[Items from a dataset]
"""

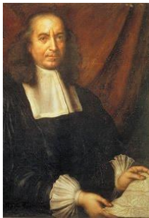
Fig. 6 - Marcello Malpighi

He is regarded as the founder of microscopic anatomy and may be regarded as the first histologist [17-20]. In 1661 he identified the pulmonary capillary network, proving William Harvey's theory on blood circulation. He discovered the taste buds and was the first to see red blood cells and realize that they gave blood its color. Malpighi first demonstrated the lymphatic follicles in the spleen and described the renal glomerular capillaries, both of which bear his name. He demonstrated that bile is secreted by the liver, not the gall bladder. The great Swedish botanist, Linnaeus named a genus of plants after Malpighi, the Malpighiaceae.
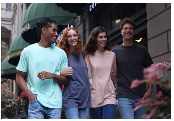
SU7000CVC - HEATHER CVC JERSEY T-SHIRT PREMIUM
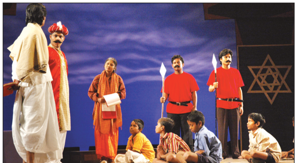
Students of BRAC University and children perform in Hirok Rajar Deshe

Granted three wishes by the Bhuter Raja (King of Ghoul), Goopy and Bagha possess magical powers. Soon, they receive an invitation from the King of Hirok, who rules his kingdom with an iron fist,
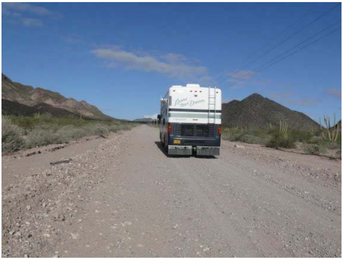
Our motorhome on a good section of the bad road from New Kino to the WHR RV park.

Let's back up and deal with the basics. Where is Kino Bay? It's on the mainland side of the Sea of Cortez , located 68 miles west of Hermosillo . It is a village of approximately 5,000 people and has one of the most beautiful beaches in the state of Sonora. Eight miles of white sand beach, good fishing, and a relaxed atmosphere, make Kino Bay an interesting vacation spot.

"""

[Task to carry out]
Which lines above contain the word "Hirok"? Copy all of them.

[Task answer]
Students of BRAC University and children perform in Hirok Rajar Deshe
Granted three wishes by the Bhuter Raja (King of Ghoul), Goopy and Bagha possess magical powers. Soon, they receive an invitation from the King of Hirok, who rules his kingdom with an iron fist,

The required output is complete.